Mobile App Privacy Policy

Last updated: April 2025

We collect only the data needed to operate your app (anonymous or registered), manage subscriptions via RevenueCat, and optionally send marketing emails. All data—stored in Firebase—are processed under GDPR principles (lawfulness, purpose limitation, data minimization) and secured with industry best practices. You always control your data: you can delete readings, opt out of marketing, or remove your account. We never sell personal data.

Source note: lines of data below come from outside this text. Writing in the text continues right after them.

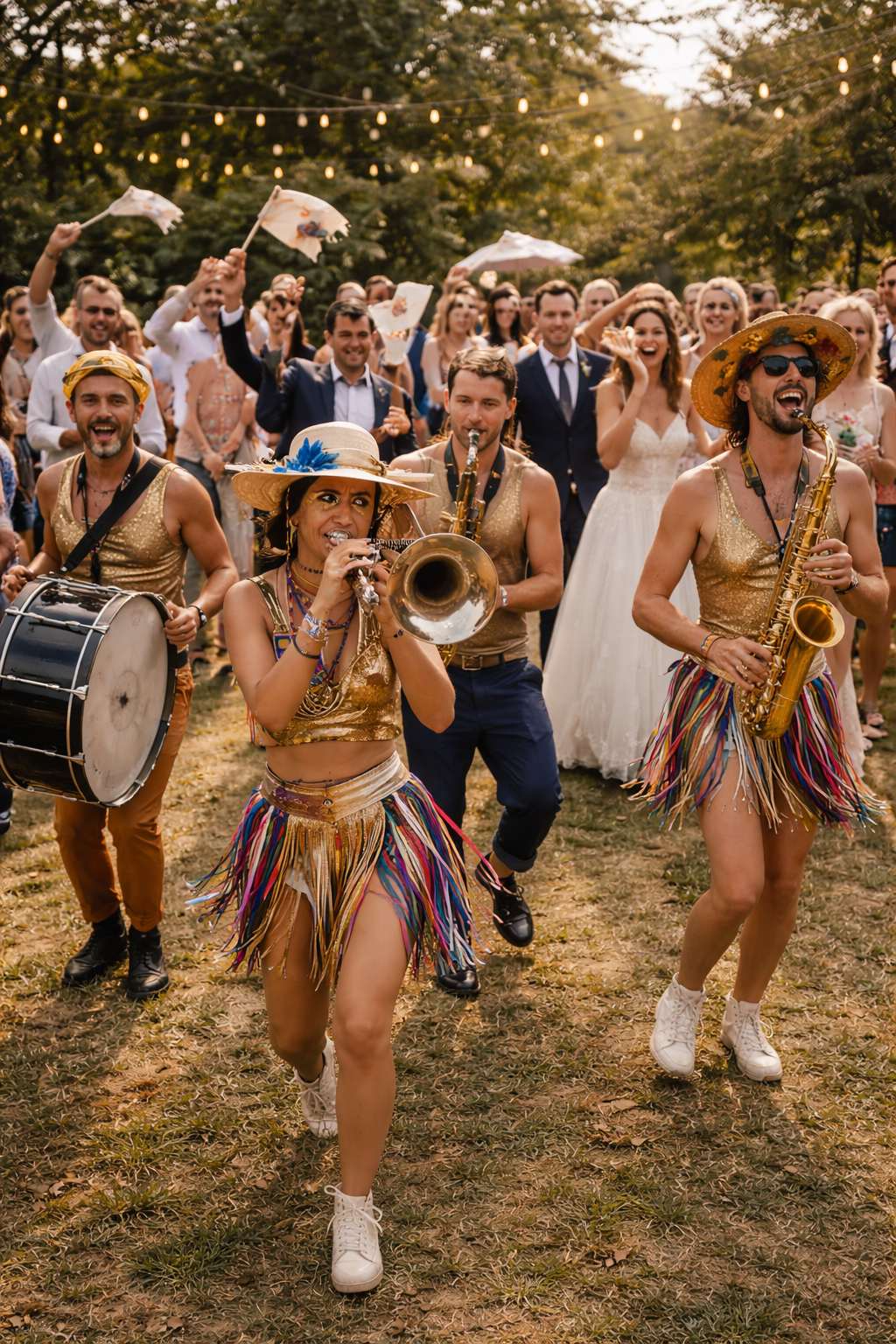 Charanga para bodas y eventos: espectáculo musical ambulante con un toque simpático y divertido para animar fiestas, desfiles y celebraciones. Interpretamos canciones archiconocidas versionadas con el toque orquestero y canallesco de la música ambulante. Formación desde 5 músicos. Duración: a consultar.
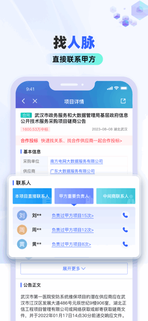 搜索获取甲方客户的联系方式、查找客户历史采招记录,查看与客户合作较多的供应商/采购代理机构,对客户的采招详情了如指掌!
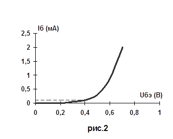 Для нахождения напряжения база-эмиттер UБЭпост на графике входных характеристик было отложено значение IБпост (см. рис 2).

1. Interpretation and Definitions

1.1 Interpretation

Capitalized terms have the meanings given here, whether singular or plural.

1.2 Definitions

  • Account: your unique identity in our Service (anonymous or registered).
  • Application / Service: any mobile app developed by Loheden AI Solutions AB.
  • Company / We / Us: Loheden AI Solutions AB, Sweden.
  • Personal Data: information relating to an identified or identifiable person.
  • Usage Data: automatically collected diagnostic, device, and interaction data.
  • Service Provider: third parties processing data on our behalf (e.g., Firebase, RevenueCat).
  • You / User: the individual using the App.

2. Information We Collect

We collect information necessary to provide and improve our Services. The types of information depend on how you use the App:

2.1 Authentication & Account Data

  • • Unique authentication identifiers provided by our authentication systems (e.g., Firebase Authentication User ID), which act as your primary identifier within the Service, whether you are an anonymous or registered user.
  • • Optional profile information (such as email address, name) if You choose to create a registered account using methods like Google Sign-In, Sign in with Apple, email/password, or other supported social logins.

2.2 Usage & Device Data

  • • Technical information automatically collected, such as IP address, device type, unique device identifiers (e.g., IDFA/IDFV if permitted by You), operating system version, app version, interaction timestamps, screens visited, features used, crash reports, and performance data.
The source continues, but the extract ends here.